◆ WHAT TO WORK ON
What you return should be only the lines in the entries below between the one holding "Tetování květiny, pivoňky na předloktí" and the one holding "Surat Kemaskini Data Sppbs 2012", ends included, with every picture left out.

◆ SUPPLIED MATERIAL
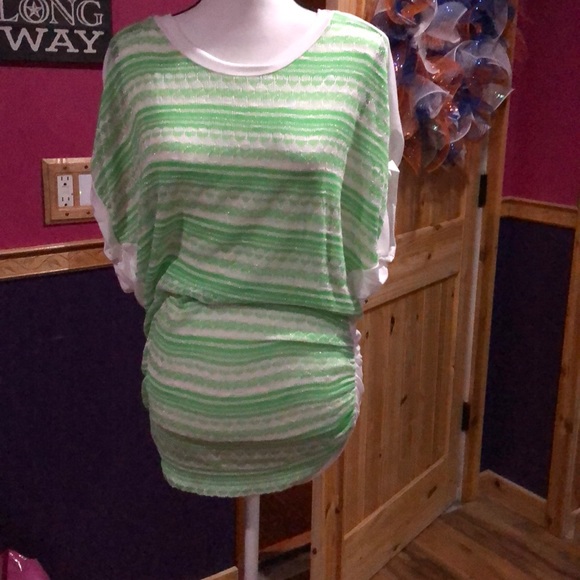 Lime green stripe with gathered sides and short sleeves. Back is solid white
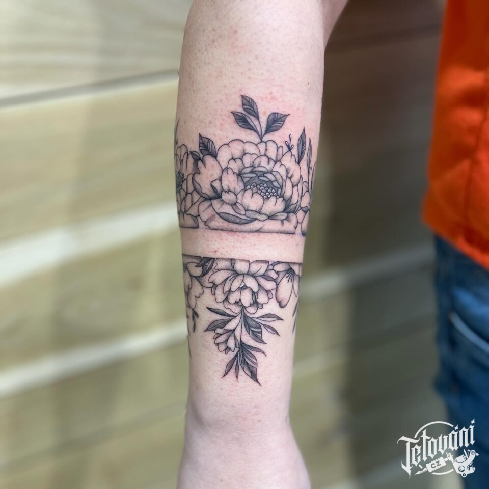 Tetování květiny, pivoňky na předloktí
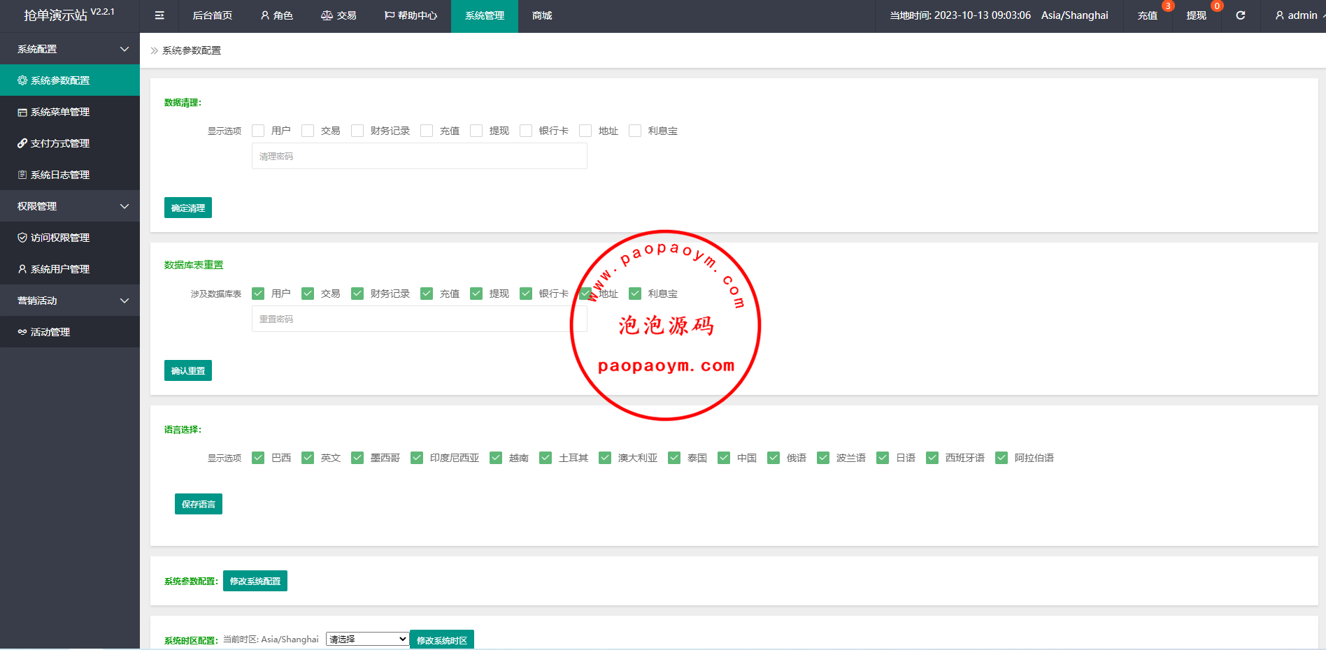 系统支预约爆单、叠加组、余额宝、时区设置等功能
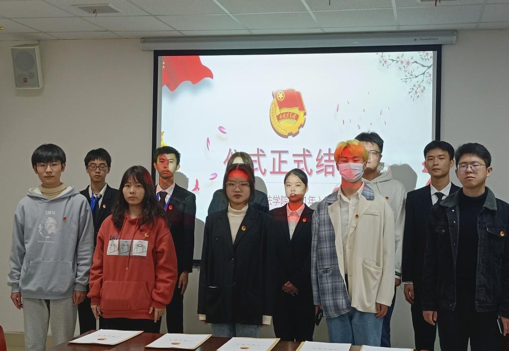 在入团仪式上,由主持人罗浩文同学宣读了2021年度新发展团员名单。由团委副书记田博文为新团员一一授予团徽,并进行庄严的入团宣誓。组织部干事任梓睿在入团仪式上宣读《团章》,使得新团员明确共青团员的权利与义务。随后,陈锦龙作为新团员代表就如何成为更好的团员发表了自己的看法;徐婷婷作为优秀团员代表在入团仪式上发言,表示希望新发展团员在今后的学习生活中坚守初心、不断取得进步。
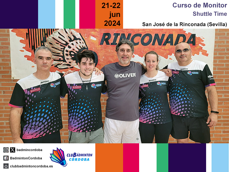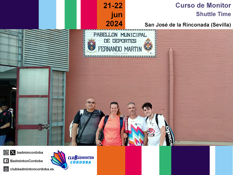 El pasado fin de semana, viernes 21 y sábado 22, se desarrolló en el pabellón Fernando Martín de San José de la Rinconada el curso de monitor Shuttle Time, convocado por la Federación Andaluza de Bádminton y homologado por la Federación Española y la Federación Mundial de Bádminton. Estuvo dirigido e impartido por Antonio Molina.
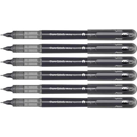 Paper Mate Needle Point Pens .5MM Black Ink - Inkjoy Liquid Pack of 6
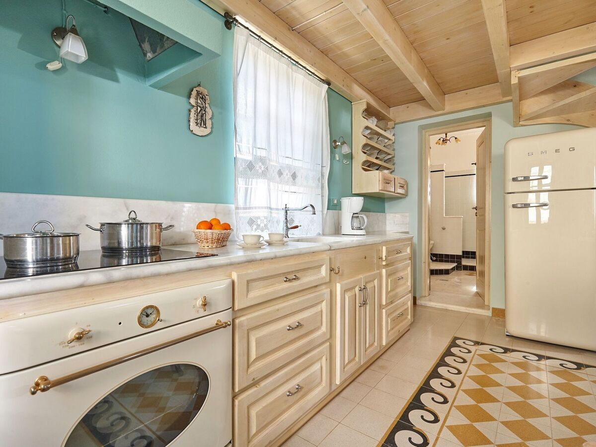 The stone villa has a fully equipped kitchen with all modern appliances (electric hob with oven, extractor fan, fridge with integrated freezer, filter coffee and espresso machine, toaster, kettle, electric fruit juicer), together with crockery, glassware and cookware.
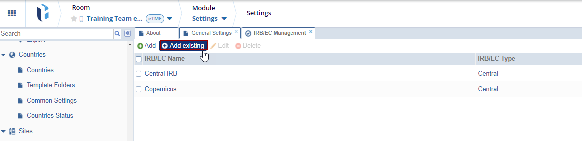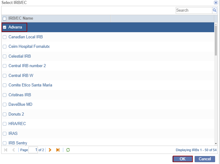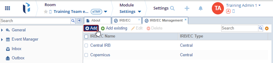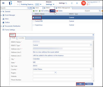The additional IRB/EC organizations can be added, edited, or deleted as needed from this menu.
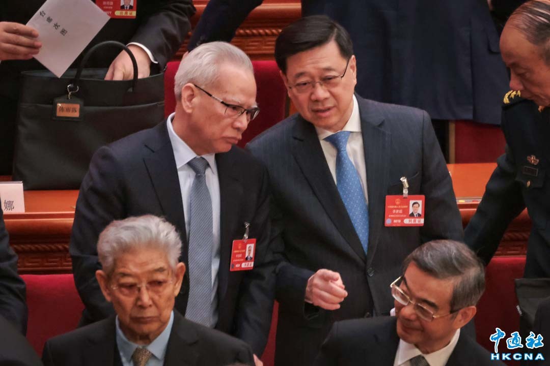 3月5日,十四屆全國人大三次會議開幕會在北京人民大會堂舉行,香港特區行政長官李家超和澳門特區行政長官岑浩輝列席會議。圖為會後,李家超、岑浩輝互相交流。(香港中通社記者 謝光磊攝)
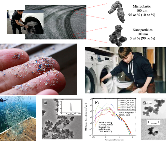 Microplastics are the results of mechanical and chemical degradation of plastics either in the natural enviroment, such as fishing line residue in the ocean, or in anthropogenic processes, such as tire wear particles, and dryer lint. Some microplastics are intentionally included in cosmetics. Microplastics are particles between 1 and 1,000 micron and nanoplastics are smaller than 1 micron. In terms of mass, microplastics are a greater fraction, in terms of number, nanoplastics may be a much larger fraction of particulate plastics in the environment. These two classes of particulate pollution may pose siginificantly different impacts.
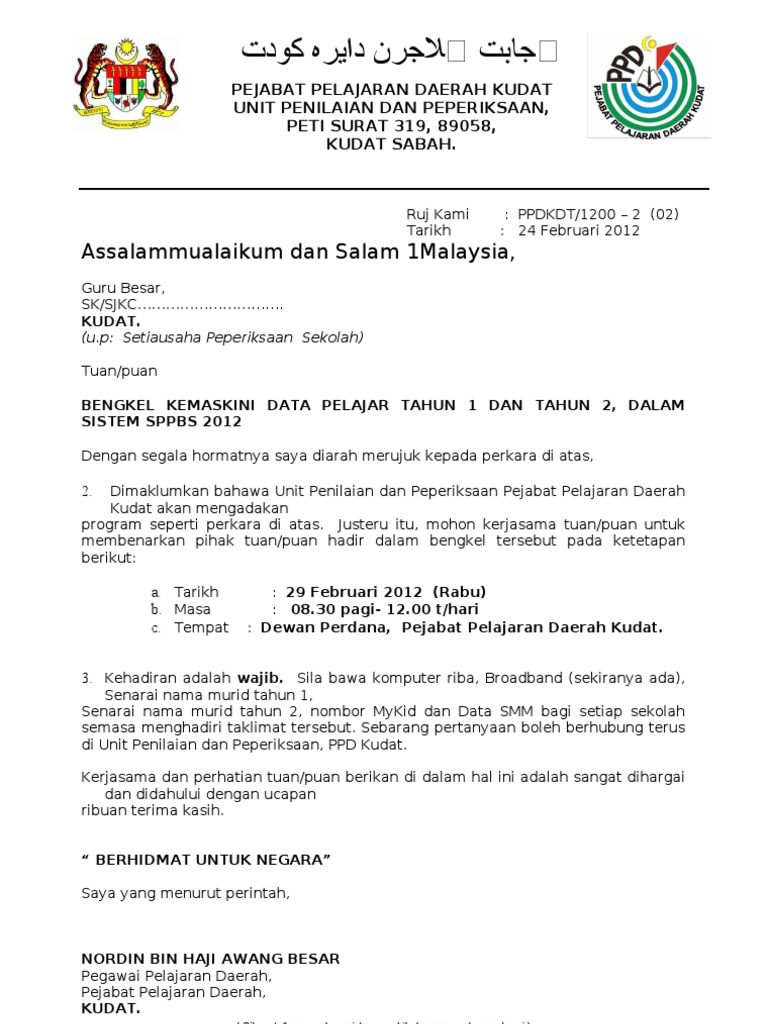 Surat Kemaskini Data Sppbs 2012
* * *
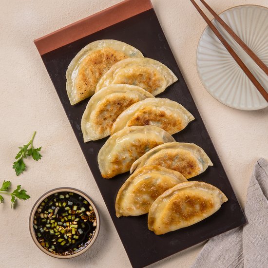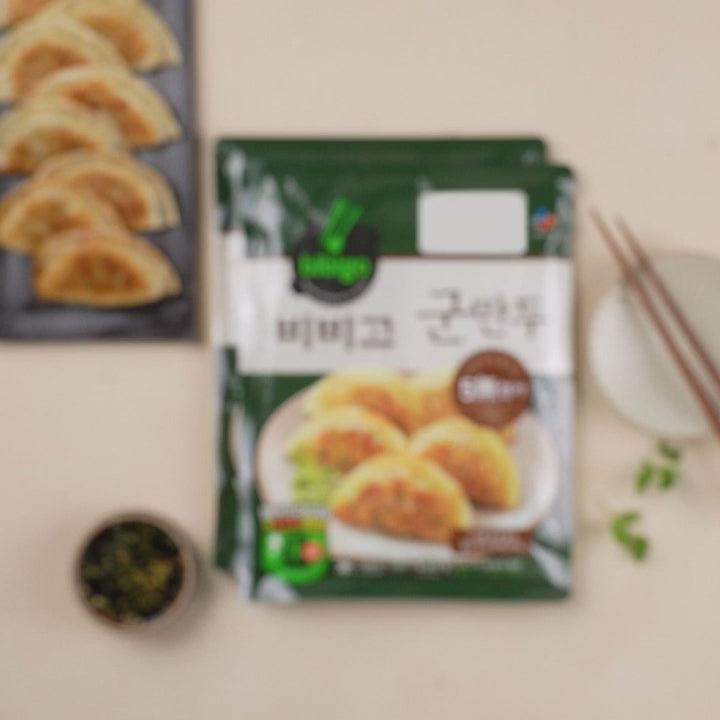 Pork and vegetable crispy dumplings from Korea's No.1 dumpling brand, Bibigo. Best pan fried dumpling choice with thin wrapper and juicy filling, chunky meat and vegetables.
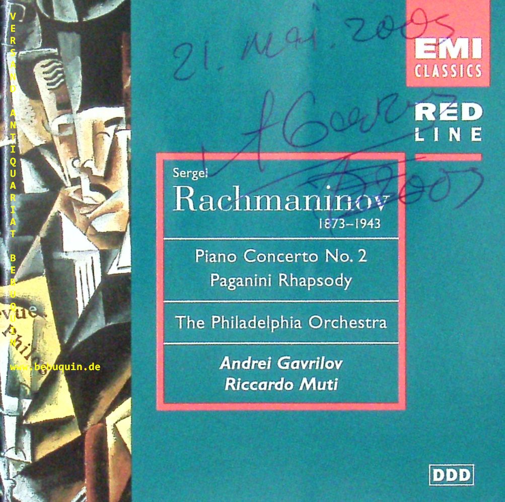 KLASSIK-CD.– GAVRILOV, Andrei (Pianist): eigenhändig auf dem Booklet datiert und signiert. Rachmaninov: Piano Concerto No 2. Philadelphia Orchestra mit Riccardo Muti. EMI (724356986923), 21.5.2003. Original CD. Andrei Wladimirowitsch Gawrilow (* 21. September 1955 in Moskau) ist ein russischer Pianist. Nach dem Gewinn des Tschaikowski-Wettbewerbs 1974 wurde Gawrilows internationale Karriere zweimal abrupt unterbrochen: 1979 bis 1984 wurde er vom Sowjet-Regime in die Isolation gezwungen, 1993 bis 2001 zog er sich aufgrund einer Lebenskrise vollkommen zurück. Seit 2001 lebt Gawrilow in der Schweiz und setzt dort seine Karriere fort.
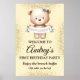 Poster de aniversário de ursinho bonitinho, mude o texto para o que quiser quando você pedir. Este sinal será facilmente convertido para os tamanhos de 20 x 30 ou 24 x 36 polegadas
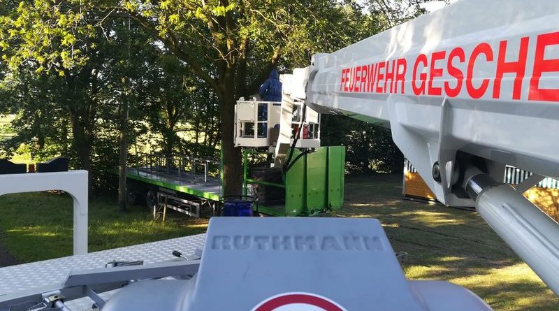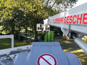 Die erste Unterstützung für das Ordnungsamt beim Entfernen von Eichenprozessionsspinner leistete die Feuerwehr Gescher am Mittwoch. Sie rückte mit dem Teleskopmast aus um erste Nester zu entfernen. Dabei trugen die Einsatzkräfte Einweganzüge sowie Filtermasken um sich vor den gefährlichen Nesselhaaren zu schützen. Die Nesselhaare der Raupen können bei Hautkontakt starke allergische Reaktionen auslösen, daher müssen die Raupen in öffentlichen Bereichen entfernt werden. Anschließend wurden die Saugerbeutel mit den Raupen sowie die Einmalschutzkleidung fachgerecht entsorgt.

◆ EXERCISE ANSWER
 Tetování květiny, pivoňky na předloktí
 系统支预约爆单、叠加组、余额宝、时区设置等功能
 在入团仪式上,由主持人罗浩文同学宣读了2021年度新发展团员名单。由团委副书记田博文为新团员一一授予团徽,并进行庄严的入团宣誓。组织部干事任梓睿在入团仪式上宣读《团章》,使得新团员明确共青团员的权利与义务。随后,陈锦龙作为新团员代表就如何成为更好的团员发表了自己的看法;徐婷婷作为优秀团员代表在入团仪式上发言,表示希望新发展团员在今后的学习生活中坚守初心、不断取得进步。
 El pasado fin de semana, viernes 21 y sábado 22, se desarrolló en el pabellón Fernando Martín de San José de la Rinconada el curso de monitor Shuttle Time, convocado por la Federación Andaluza de Bádminton y homologado por la Federación Española y la Federación Mundial de Bádminton. Estuvo dirigido e impartido por Antonio Molina.
 Paper Mate Needle Point Pens .5MM Black Ink - Inkjoy Liquid Pack of 6
 The stone villa has a fully equipped kitchen with all modern appliances (electric hob with oven, extractor fan, fridge with integrated freezer, filter coffee and espresso machine, toaster, kettle, electric fruit juicer), together with crockery, glassware and cookware.
The additional IRB/EC organizations can be added, edited, or deleted as needed from this menu.
 3月5日,十四屆全國人大三次會議開幕會在北京人民大會堂舉行,香港特區行政長官李家超和澳門特區行政長官岑浩輝列席會議。圖為會後,李家超、岑浩輝互相交流。(香港中通社記者 謝光磊攝)
 Microplastics are the results of mechanical and chemical degradation of plastics either in the natural enviroment, such as fishing line residue in the ocean, or in anthropogenic processes, such as tire wear particles, and dryer lint. Some microplastics are intentionally included in cosmetics. Microplastics are particles between 1 and 1,000 micron and nanoplastics are smaller than 1 micron. In terms of mass, microplastics are a greater fraction, in terms of number, nanoplastics may be a much larger fraction of particulate plastics in the environment. These two classes of particulate pollution may pose siginificantly different impacts.
 Surat Kemaskini Data Sppbs 2012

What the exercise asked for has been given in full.